Plus: Mnaara introduces B2B platform for structured notes; Calamos adds upside cap range; BlackRock and STOXX brings ETF on AI, and more.
KASPRO SPV Ltd., a fully owned subsidiary of Kristal AI and an Abu Dhabi Global Market (ADGM) based special purpose vehicle, has launched its inaugural structured notes program valued at US$1.5m.
In a move that ‘positions ADGM as a competitive alternative to established financial hubs like Luxembourg and Ireland’, Kristal, a digital wealth management platform, has issued structured notes under an exempt offer. The transaction comprises five distinct payoff structures and has garnered substantial interest from a range of investors, including a Singapore-based variable capital company sub-fund and over ten clients.
‘The issuance signals strong market confidence in ADGM-based financial instruments,’ stated the issuer spearheaded by CEO Asheesh Chanda (pictured).
The success of this initial offering paves the way for ADGM to establish itself as a prominent hub for structured product issuances and custody.
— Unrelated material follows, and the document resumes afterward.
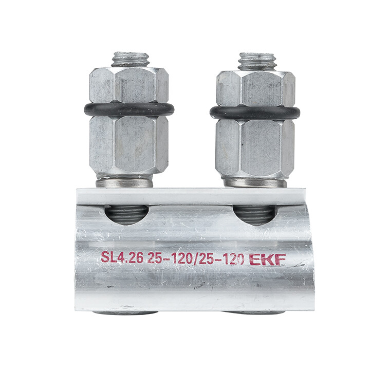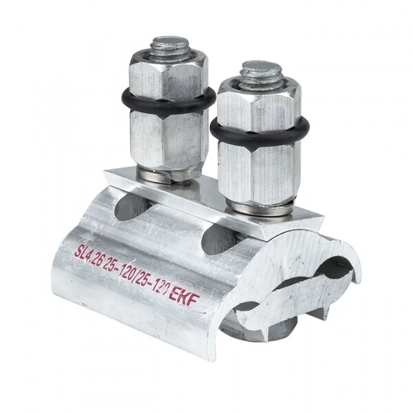 Зажим типа sl-4.26 предназначен для создания электрического соединения неизолированных алюминиевых или стальных проводов. Контакт между проводами осуществляется прижимной пластиной. При достижении момента, необходимого для создания надежного электрического контакта проводов, происходит срыв головки болта. Имеет два болта для увеличения прижимного усилия.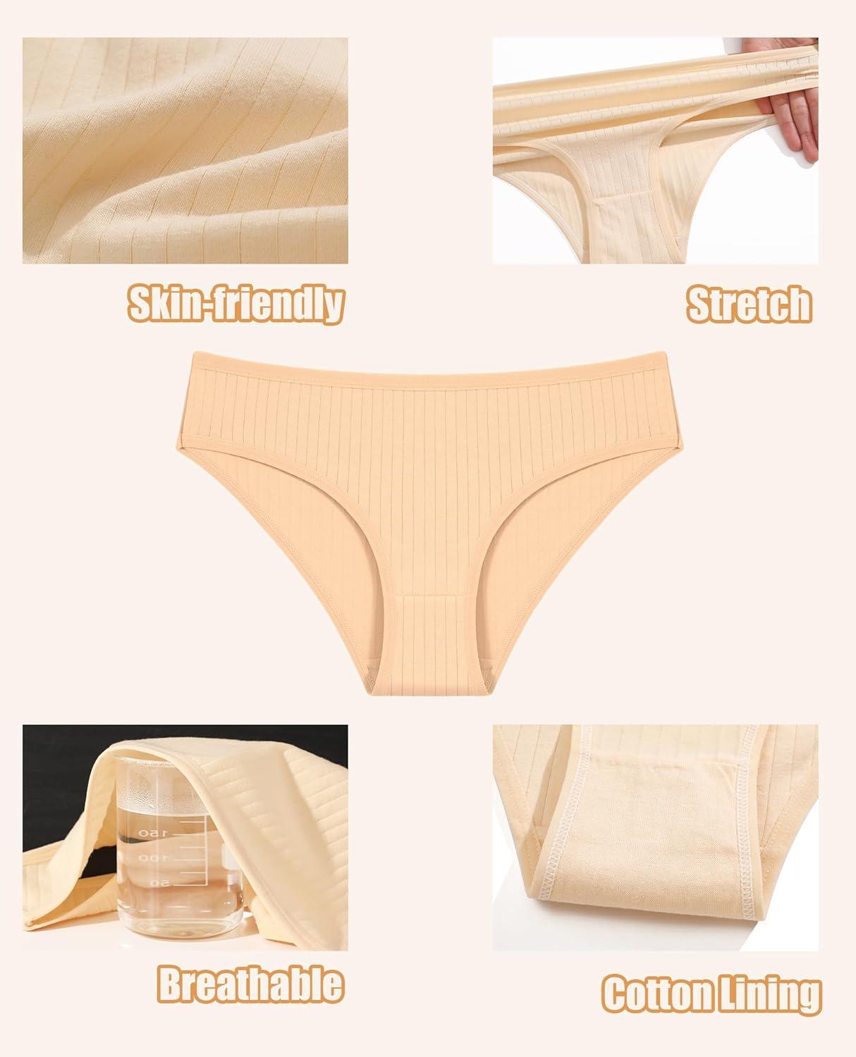 FINETOO Cotton Underwear for Women Sexy Low Rise Ribbed Hipster Breathable Soft Womens Bikini Girls Panties Cheeky S-3XL(Black+red+green+blue+beige+grey)

Mnaara launches B2B platform for private equities
Mnaara, a leading digital investment platform, has launched a B2B solution designed to help private banks and investment advisors provide their clients with access to ‘exclusive, ethical and Shariah-compliant’ private equity opportunities via structured notes.
The notes are both bankable and transferable to assigned custodians, offering the ‘flexibility and efficiency’ required by institutional-grade investments. The solution features an integrated customer relationship management platform, enabling advisors to manage client investments, track performance, and generate comprehensive reports.
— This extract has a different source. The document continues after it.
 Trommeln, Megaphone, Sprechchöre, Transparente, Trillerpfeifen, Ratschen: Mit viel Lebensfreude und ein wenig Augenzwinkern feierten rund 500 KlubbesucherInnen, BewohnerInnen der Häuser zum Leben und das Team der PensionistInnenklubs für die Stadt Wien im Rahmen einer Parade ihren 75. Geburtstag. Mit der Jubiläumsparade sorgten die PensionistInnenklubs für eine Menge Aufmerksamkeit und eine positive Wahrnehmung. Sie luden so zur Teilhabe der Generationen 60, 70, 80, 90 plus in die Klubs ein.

Calamos adds upside cap ranges for upcoming structured protection ETFs
Calamos Investments LLC, a Chicago-based alternatives manager, today announced the estimated upside cap-ranges for the Calamos S&P 500 Structured Alt Protection ETF – January (CPSY), and the Calamos Russel 2000 Structured Alt Protection ETF – January (CPRY).
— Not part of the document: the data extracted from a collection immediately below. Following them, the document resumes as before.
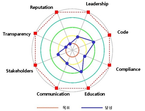 ▲ 그림1. 8-Flag Model로 측정한 코레일의 윤리경영 성취도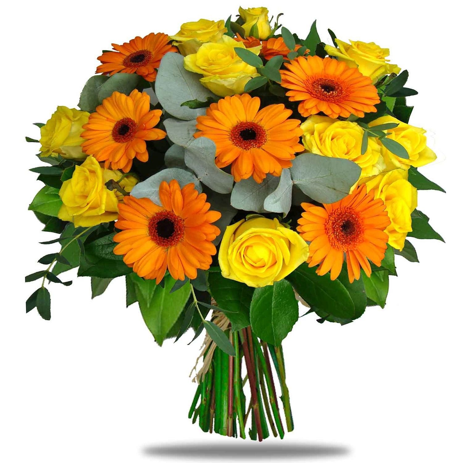 Tato kytice spojuje teplé odstíny žlutých růží a zářivě oranžových germínek, které krásně doplňuje eukalyptus a svěží zeleň. Vzniká tak příjemně energická a pozitivní kombinace květin, která rozzáří každý interiér a navodí veselou, přátelskou atmosféru. Kytici oceníte při oslavách významných životních událostí, jako je narozeninové nebo gratulační překvapení, i jako stylové poděkování. Doručení zajišťujeme v den objednávky během pracovních dnů a nabízíme možnost výběru přesného času doručení. S námi máte jistotu spolehlivého doručení, o kterém vás informujeme e-mailem. O vaši kytici se vždy starají naši zkušení floristé.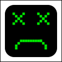 This features a computer screen with an animated sad face, made up of two crossed lines. The sad face is composed of green and white pixels, giving it a unique appearance. The sad face appears to be the main focus of the image, capturing attention and evoking emotions from viewers.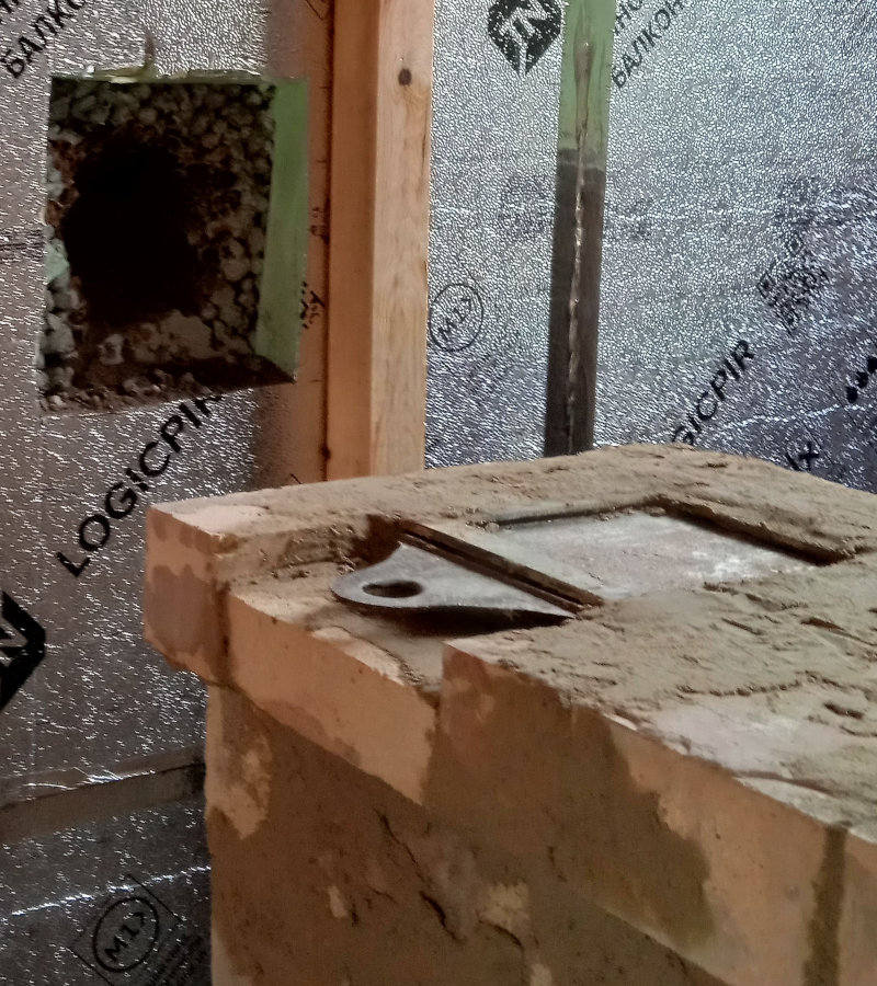 Перекрыл первый колпак и задумался - а правильно ли оформил задвижку летнего хода? проложил каолиновой ватой со всех сторон и замазал сверху, с трех сторон прижмется кирпичами, но с одной - нет.

Each providing 100% downside-protected exposure to their respective indexes with attractive upside cap ranges over a one-year outcome period, before fees and expenses.
The CPSY has an estimated upside cap range of 7.45%-7.89% over the one-year outcome period following its launch on 2 January 2025. Meanwhile, CPRY has an estimated upside cap range of 9.08%-9.73% over the one-year outcome period following its launch on 2 January 2025.
BlackRock, STOXX co-launch ETF on AI
STOXX has expanded its collaboration with BlackRock to launch two iShares ETFs tracking the STOXX Global AI Infrastructure and STOXX Global AI Adopters and Applications thematic indices.
The STOXX Artificial Intelligence (AI) Suite of thematic indices provides exposure to companies across the full AI value chain, from building block components such as semiconductors, cloud computing and big data technologies, to adopters in industries that look set to benefit the most from the advancement of the technology.
Index construction leverages the STOXX Thematics Framework that uses revenue and/or patent-based approaches to capture a diverse range of companies at various stages of their AI adoption.
d-fine joins the SSPA
The Swiss Structured Products Association (SSPA) has welcomed d-fine as a new member, bringing its network to a total of 52 members from the entire value chain, from issuers, trading platforms and the buy-side to brokers and partners.
d-fine is a European consulting firm headquartered in Frankfurt am Main, which employs more than 1,500 employees in seven countries (70+ in Switzerland). The firm serves customers from the conceptual planning through to implementation, among others in the areas of banking & capital markets, insurance & asset management and technology.
Euronext rolls out total return futures on the FTSE MIB Index
Euronext has launched total return futures (TRF) on the FTSE MIB Index, FTSE Russell’s primary benchmark for the Italian equity market. It builds on the success of the TRF on the CAC 40 Index, which Euronext introduced as its first TRF on a national benchmark in November 2018. By introducing TRF on the FTSE MIB Index, Euronext further expands its European derivatives offering across European markets, in line with its new strategic plan, Innovate for Growth 2027.
The FTSE MIB Total Return Future is a listed solution that enables investors to gain exposure to the implied equity repo rate on the constituents of the FTSE MIB Index in a transparent and secure trading environment via a centralised order book. The contract offers long-term exposure, with quarterly maturities available for up to ten years, catering to the needs of long-term investors.